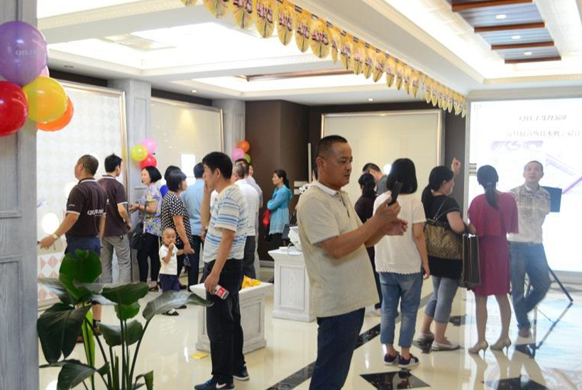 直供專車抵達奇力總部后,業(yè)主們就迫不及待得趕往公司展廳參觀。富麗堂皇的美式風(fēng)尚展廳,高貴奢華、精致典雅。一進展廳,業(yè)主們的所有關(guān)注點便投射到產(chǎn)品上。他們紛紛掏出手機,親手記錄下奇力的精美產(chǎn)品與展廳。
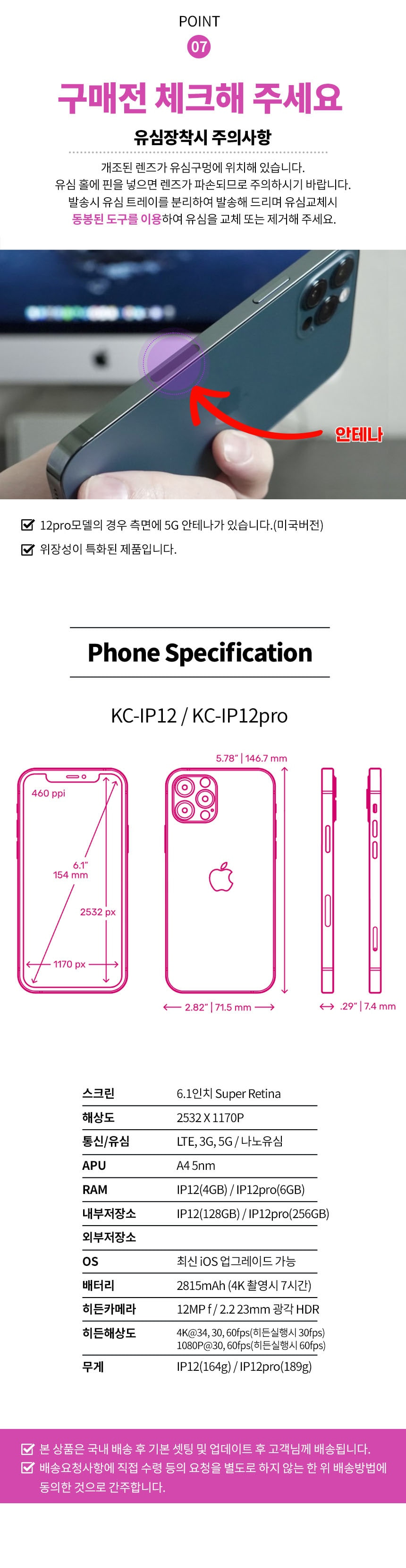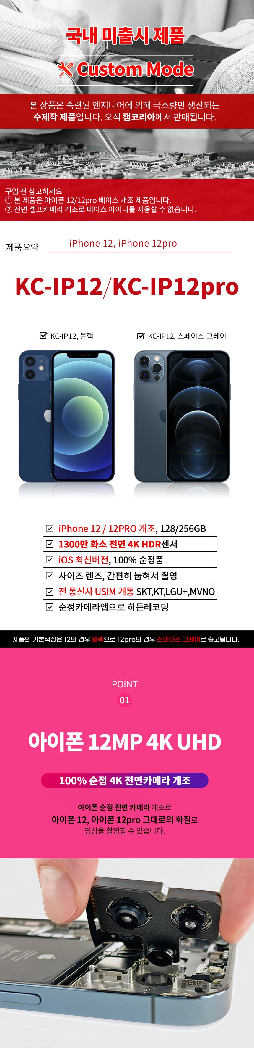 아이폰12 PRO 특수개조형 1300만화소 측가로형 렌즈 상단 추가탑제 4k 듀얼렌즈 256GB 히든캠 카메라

---

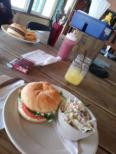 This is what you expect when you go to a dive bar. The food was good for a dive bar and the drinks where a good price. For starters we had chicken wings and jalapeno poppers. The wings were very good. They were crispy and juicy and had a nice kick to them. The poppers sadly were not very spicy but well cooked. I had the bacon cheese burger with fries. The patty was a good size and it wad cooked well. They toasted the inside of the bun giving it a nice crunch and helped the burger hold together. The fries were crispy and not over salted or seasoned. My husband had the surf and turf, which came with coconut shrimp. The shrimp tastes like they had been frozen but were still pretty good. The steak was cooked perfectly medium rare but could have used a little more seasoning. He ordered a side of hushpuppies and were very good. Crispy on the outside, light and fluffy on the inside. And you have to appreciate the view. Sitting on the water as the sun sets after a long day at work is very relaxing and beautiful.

--

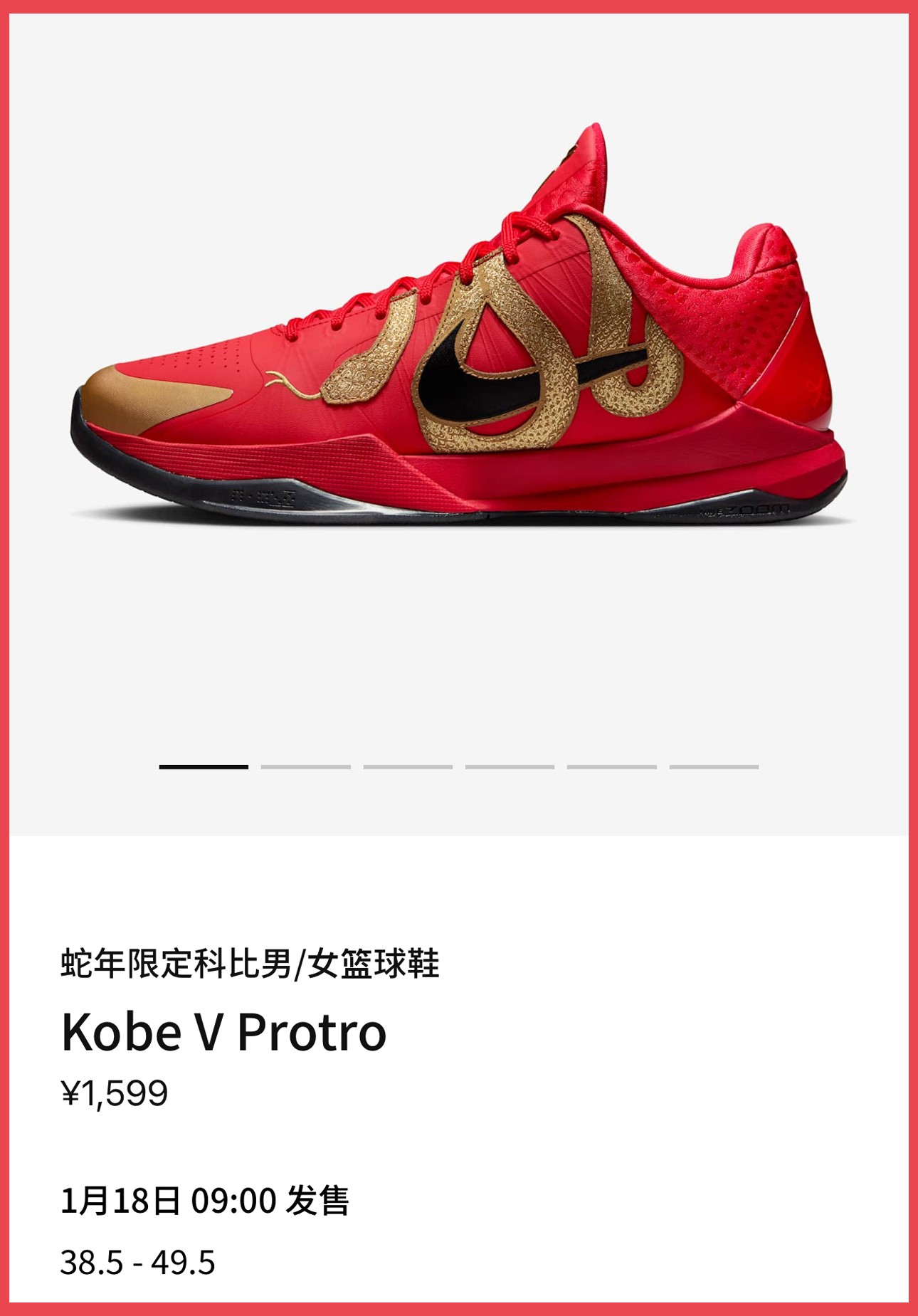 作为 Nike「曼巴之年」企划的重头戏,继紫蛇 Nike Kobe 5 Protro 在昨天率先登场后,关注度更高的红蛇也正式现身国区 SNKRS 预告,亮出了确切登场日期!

Task objective:
Copy exactly the lines of the entries above from the one containing "直供專車抵達奇力總部后,業(yè)主們就" through the one containing "아이폰12 PRO 특수개조형". Both end lines count; pictures do not.

Solution to the exercise:
 直供專車抵達奇力總部后,業(yè)主們就迫不及待得趕往公司展廳參觀。富麗堂皇的美式風(fēng)尚展廳,高貴奢華、精致典雅。一進展廳,業(yè)主們的所有關(guān)注點便投射到產(chǎn)品上。他們紛紛掏出手機,親手記錄下奇力的精美產(chǎn)品與展廳。
 아이폰12 PRO 특수개조형 1300만화소 측가로형 렌즈 상단 추가탑제 4k 듀얼렌즈 256GB 히든캠 카메라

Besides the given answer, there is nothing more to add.